## DATA RECORDS
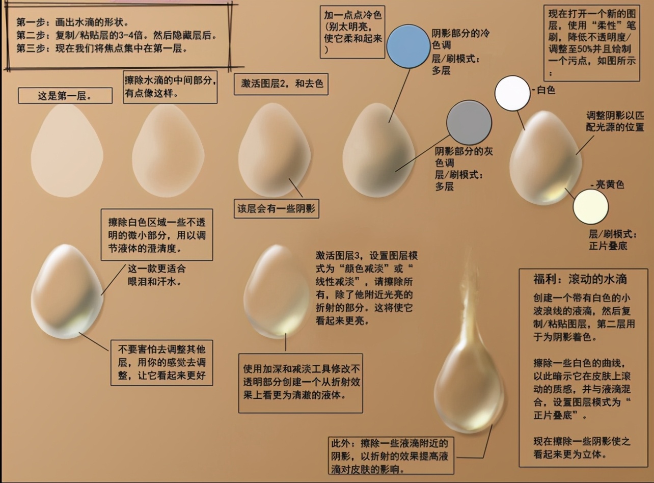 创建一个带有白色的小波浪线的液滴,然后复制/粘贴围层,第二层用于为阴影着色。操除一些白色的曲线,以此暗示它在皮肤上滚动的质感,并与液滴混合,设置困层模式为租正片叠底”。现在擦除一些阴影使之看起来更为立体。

* * *

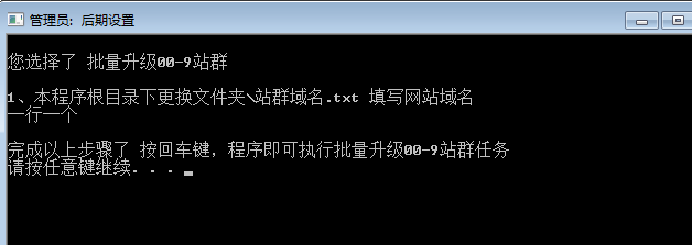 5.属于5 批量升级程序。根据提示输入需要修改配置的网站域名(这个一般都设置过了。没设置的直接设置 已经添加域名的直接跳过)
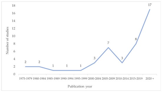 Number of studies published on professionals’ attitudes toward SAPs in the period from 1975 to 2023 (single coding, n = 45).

## TO DO
Within the material above, only the stretch from the line holding "5.属于5 批量升级程序。根据提示输入需要修改配置的网站域名(这个一般都设置过了。没设置的直接设置 已经添加域名的直接跳过)" through the line holding "Number of studies" is to be restated exactly. Pictures are dropped.

## SOLUTION FOR THIS EXERCISE
 5.属于5 批量升级程序。根据提示输入需要修改配置的网站域名(这个一般都设置过了。没设置的直接设置 已经添加域名的直接跳过)
 Number of studies published on professionals’ attitudes toward SAPs in the period from 1975 to 2023 (single coding, n = 45).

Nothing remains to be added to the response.